“Threatening Ocean Life from the Inside Out” by Sarah J. Hardt and Carl Safina discusses the detrimental effect ocean acidification has on sea-life and how the rise in acidity is hurting the oceanic food chain and habitats. Ocean acidification can be defined as too much carbon dioxide in the atmosphere reacting with ocean water and is forming carbonic acid.
This uptake is caused by the CO2 output by humans. The effects of ocean acidification affect the abilities of calcium carbonate dependent sea-life. More simply, ocean acidification is harming corals and animals are having a hard time building skeletons and shells. It is not just the structure of the organism that is being harmed but also the bodily functions like growth and reproduction.

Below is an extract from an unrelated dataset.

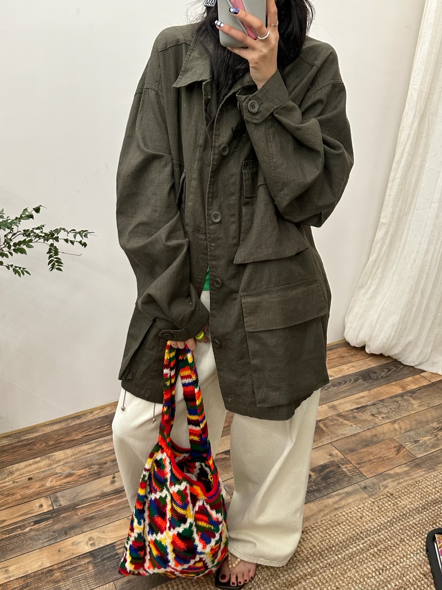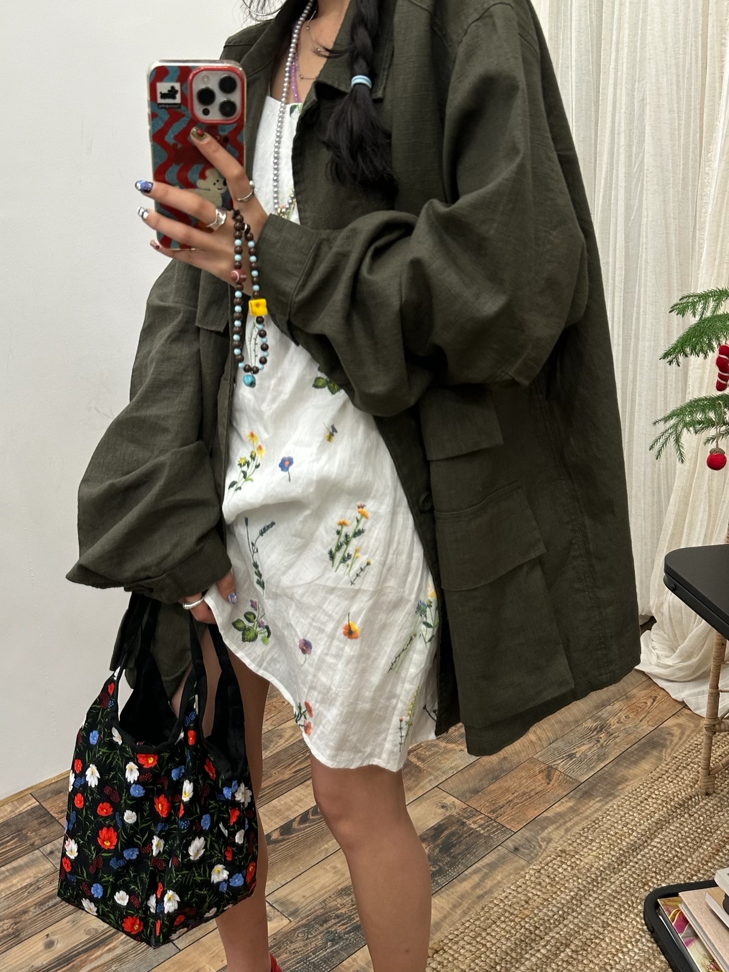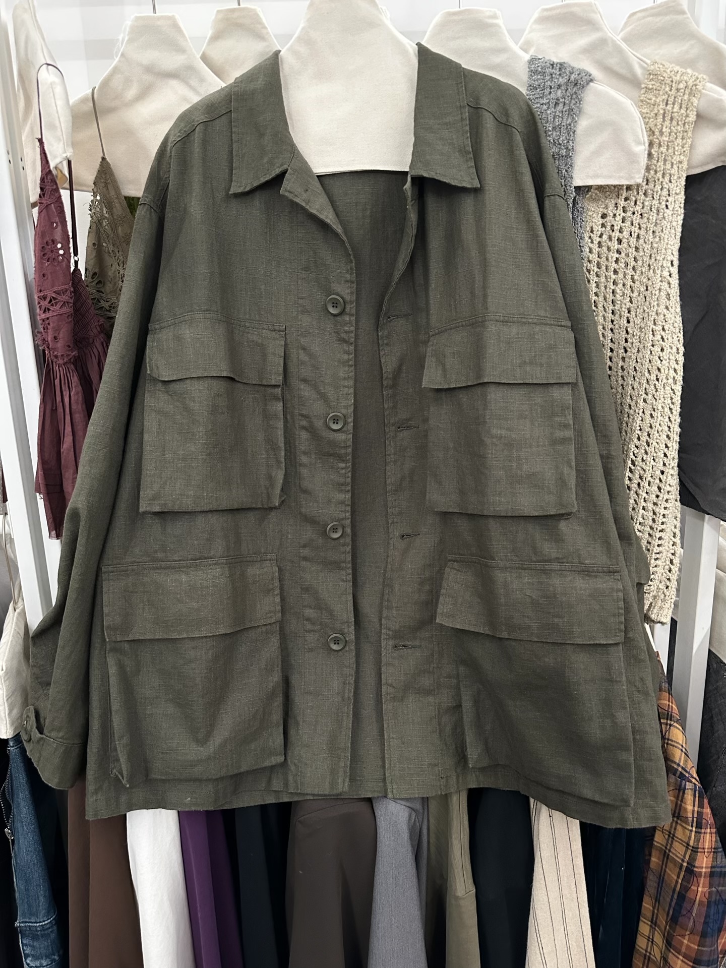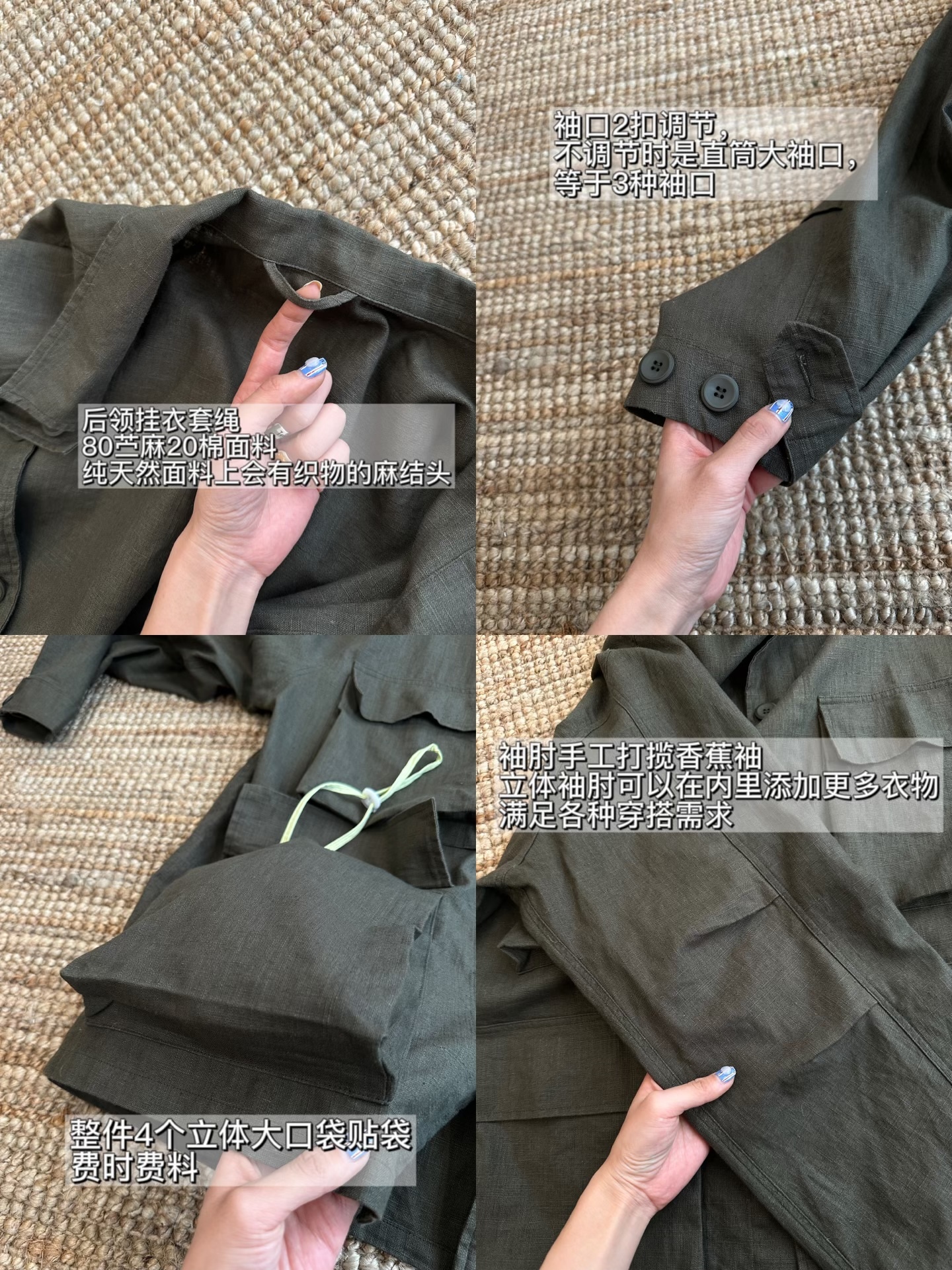 80苧麻,20棉。能看出料子和重工程度,所以價格不便宜了,實在是和工廠降不下來價格了,主要還是麻比較貴,細節圖有給大家拍,口袋工費貴點,因為是立體的貼袋

You can see that this is harmful to populations of sea-life, without reproduction some species may fail to exist. The ocean is soaking up our harmful emissions, “the atmospheric CO2 concentration is almost 390 parts per million, but it would be even higher if the oceans didn’t soak up 30 million tons of gas every day. The world’s seas have absorbed roughly one-third of all CO2 released by humans”(68) and are paying the price. An example of how terribly wrong this can be was approximately 250 million years ago when volcanos erupted and doubled the atmospheric CO2. Many species started to die off and now are extinct. The article refers to the ocean as a layered cake, each layer having its own temperature and salinity.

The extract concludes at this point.